== Segment start ==

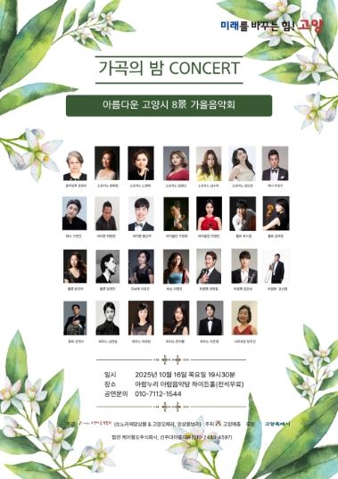 [ 중앙뉴스미디어 ] 고양특례시가 후원하고, (사)한국예술문화단체총연합회 고양지회가 주최하며 (사)한국음악협회 고양지부가 주관하는 ‘2025 가곡의 밤 – 아름다운 고양시 8경(景) 가을 음악회’가 오는 16일 오후 7시 30분, 고양아람누리 아람음악당에서 개최된다.
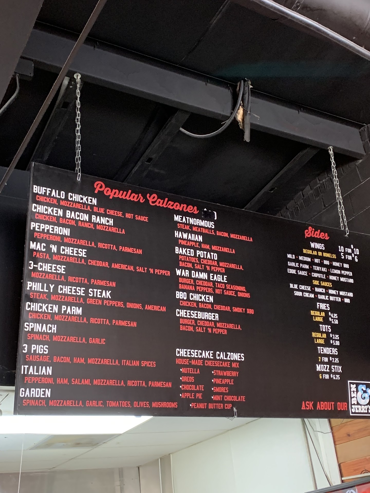 Read moreMy roommates and I went here, not once, but three times before COVID-19 hit and we realized that we never wrote a review about how terrible our experience was here. I would never ever recommend eddies calzone for any kind of food, wings, calzones, etc. One of roommate had food poisoning both times we went, had to go to the hospital once for how bad it was and I ended up getting sick from how undercooked everything was and how greasy it was. We ended up throwing our food away and leaving because we were absolutely shocked at how inedible the food was. The people in the kitchen were yelling the entire time we were there and the tables were sticky and window seals were covered with dead bugs, so we decided to eat outside but as soon as our food came out and we tasted it, we quickly threw all of it away and decided to leave. Different friends and I gave this place multiple tries because we really wanted to like it, but the food is definitely not up to standard, and you would think they would at least use decent quality ingredients with the outages prices they try to charge. Definitely do...
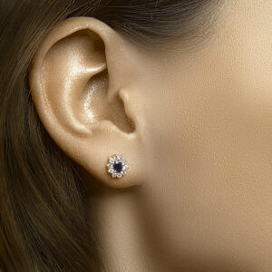 oorknoppen saffier en diamant 0.16 ct halo 14K geelgoud
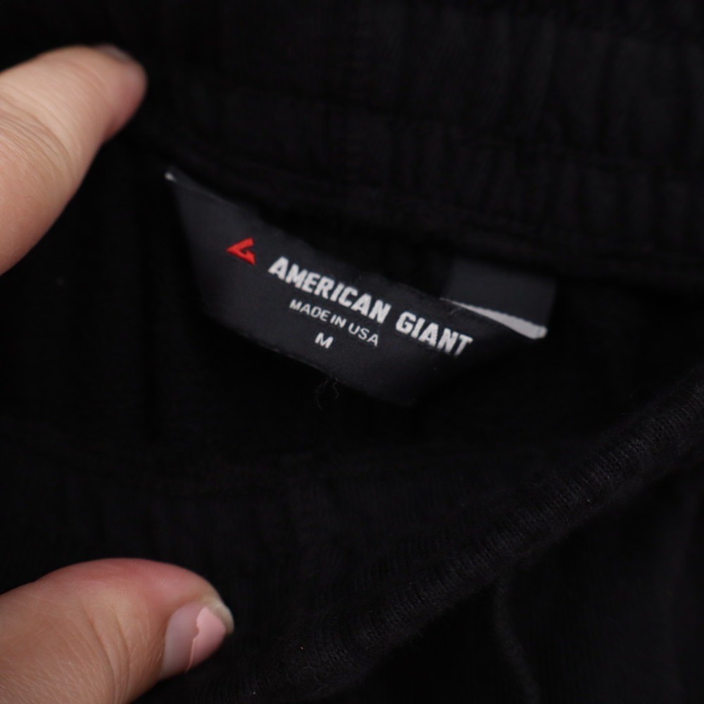 American Giant mens black sweatshorts size M. Crafted for comfort and durability, these shorts feature an elastic waistband with an adjustable drawstring for a personalized fit. Side pockets offer convenient storage. Perfect for casual wear, lounging at home, or light athletic activities. Measurements: • Waist: 16 in • Length: 21 in • Inseam: 9 in Department: Men Style: Sweat Performance/Activity: Cross Training, Basketball, Football, Running & Jogging, Walking Fabric Type: Jersey Features: Pockets, Drawstring, Elastic Waist Inseam: 9 in Fit: Relaxed Material: 100% Cotton Waist Size: 32 in Occasion: Activewear, Casual Pattern: Solid Closure: Drawstring Keywords: sweatshorts, athletic, loungewear, casual, cotton, drawstring, elastic waist, activewear, comfortable, menswear, athleisure, gym shorts, everyday wear All orders are shipped the same business day or the next business day. Thank you for supporting my small business.
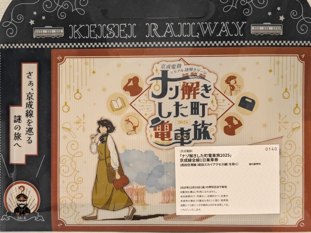 京成電鉄では、おそらく初めてとなる本格的な謎解きイベント「ナゾ解きした町電車旅2024」を12月10日まで開催しています。京成電鉄の一日乗車券(成田スカイアクセス線は乗車不可)がセットになった謎解きキット(3000円)とLINEを用いながら、京成線(支線も含む)の沿線各地を巡り謎を解き明かすというものです。謎解きキットは京成の主要駅で入手できます。
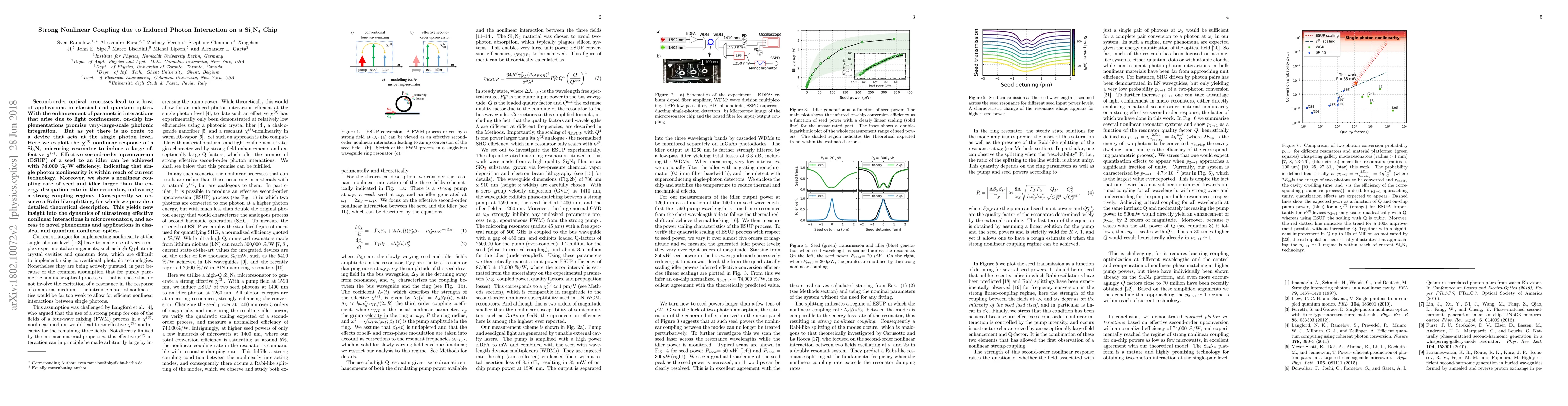 Second-order optical processes lead to a host of applications in classical and quantum optics. With the enhancement of parametric interactions that arise due to light confinement, on-chip implementations promise very-large-scale photonic integration. But as yet there is no route to a device that acts at the single photon level. Here we exploit the $\chi^{(3)}$ nonlinear response of a Si$_{3}$N$_{4}$ microring resonator to induce a large effective $\chi^{(2)}$. Effective second-order upconversion (ESUP) of a seed to an idler can be achieved with 74,000 %/W efficiency, indicating that single photon nonlinearity is within reach of current technology. Moreover, we show a nonlinear coupling rate of seed and idler larger than the energy dissipation rate in the resonator, indicating a strong coupling regime. Consequently we observe a Rabi-like splitting, for which we provide a detailed theoretical description. This yields new insight into the dynamics of ultrastrong effective nonlinear interactions in microresonators, and access to novel phenomena and applications in classical and quantum nonlinear optics.
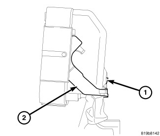 NOTE: To disconnect the ABM wiring connector in the following step, depress the tab (1) in the center of the connector and lift the release lever (2), rotating it upward to the top of the connector, or until the connector is fully released from the module socket.
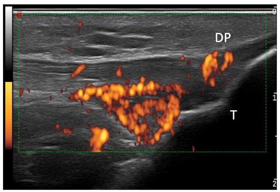 Power Doppler US image of the patellar tendon’s distal enthesis, showing a hypoechoic tendon, with the loss of a homogenous fibrillar pattern primarily near the cortical bone (<2 mm), with an intense power Doppler signal. DP—distal patellar tendon; T—tibial tuberosity.
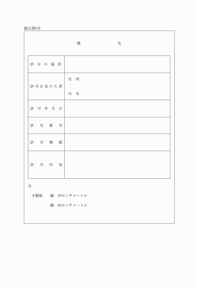 第3条 条例第5条の標札は、様式第6号によるものとする。
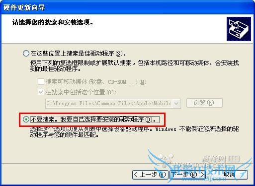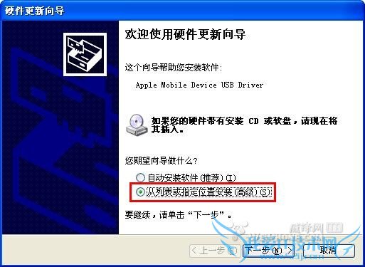 4、安装驱动,找到属性是“Apple”的“USB Composit Device”,点“更新驱动”,弹出对话框,选择下面一个,见图
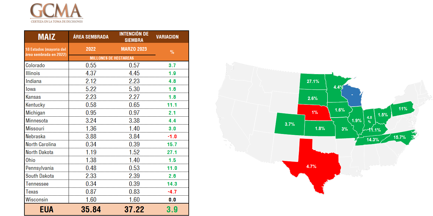 El 31 de marzo, el USDA reportó la intención de siembra de maíz para este año en 37.22 millones de hectáreas, una cifra ligeramente bajista, ya que esta por arriba de lo esperando por el mercado, de la superficie prevista en febrero y del área sembrada en el año pasado. El mercado esperaba 36.78 millones de ha, la superficie prevista en el Foro del USDA en febrero fue de 36.83 millones y el área sembrada el año pasado de 35.84 millones de hectáreas.
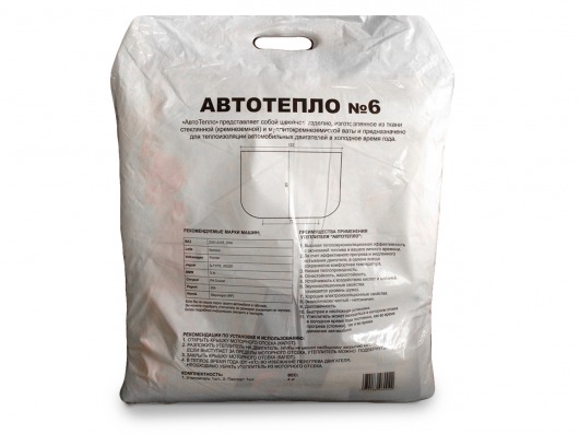Одеяло для двигателя "Автотепло №6" поможет вам решить проблему прогрева и запуска двигателя в зимнее время года. Производство данных автоодеял находится в г. Челябинске. Они изготавливаются по особой запатентованной технологии и с применением лучшего оборудования. Утеплитель Автотепло — отличное решение, особенно если установка предпускового подогревателя вам не по карману или вы не готовы установить его по ряду причин.
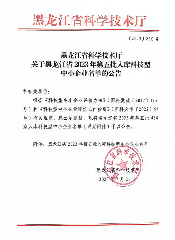 黑龍江省2023年第5批入庫科技型中小企業(yè)名單公告
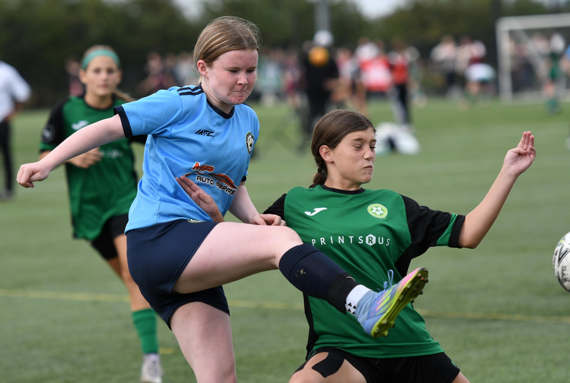 Abbie McGill, Sion Swifts Flame, and Ellie Shelton, Good Lad Soccer, clash at the Vale Centre.

== Segment end ==

● **Exercise prompt**: Return, exactly as they stand, the lines from the opening line of the listing through the line with "oorknoppen saffier en", both ends counted, and no pictures.

● **Answer area**:
 [ 중앙뉴스미디어 ] 고양특례시가 후원하고, (사)한국예술문화단체총연합회 고양지회가 주최하며 (사)한국음악협회 고양지부가 주관하는 ‘2025 가곡의 밤 – 아름다운 고양시 8경(景) 가을 음악회’가 오는 16일 오후 7시 30분, 고양아람누리 아람음악당에서 개최된다.
 Read moreMy roommates and I went here, not once, but three times before COVID-19 hit and we realized that we never wrote a review about how terrible our experience was here. I would never ever recommend eddies calzone for any kind of food, wings, calzones, etc. One of roommate had food poisoning both times we went, had to go to the hospital once for how bad it was and I ended up getting sick from how undercooked everything was and how greasy it was. We ended up throwing our food away and leaving because we were absolutely shocked at how inedible the food was. The people in the kitchen were yelling the entire time we were there and the tables were sticky and window seals were covered with dead bugs, so we decided to eat outside but as soon as our food came out and we tasted it, we quickly threw all of it away and decided to leave. Different friends and I gave this place multiple tries because we really wanted to like it, but the food is definitely not up to standard, and you would think they would at least use decent quality ingredients with the outages prices they try to charge. Definitely do...
 oorknoppen saffier en diamant 0.16 ct halo 14K geelgoud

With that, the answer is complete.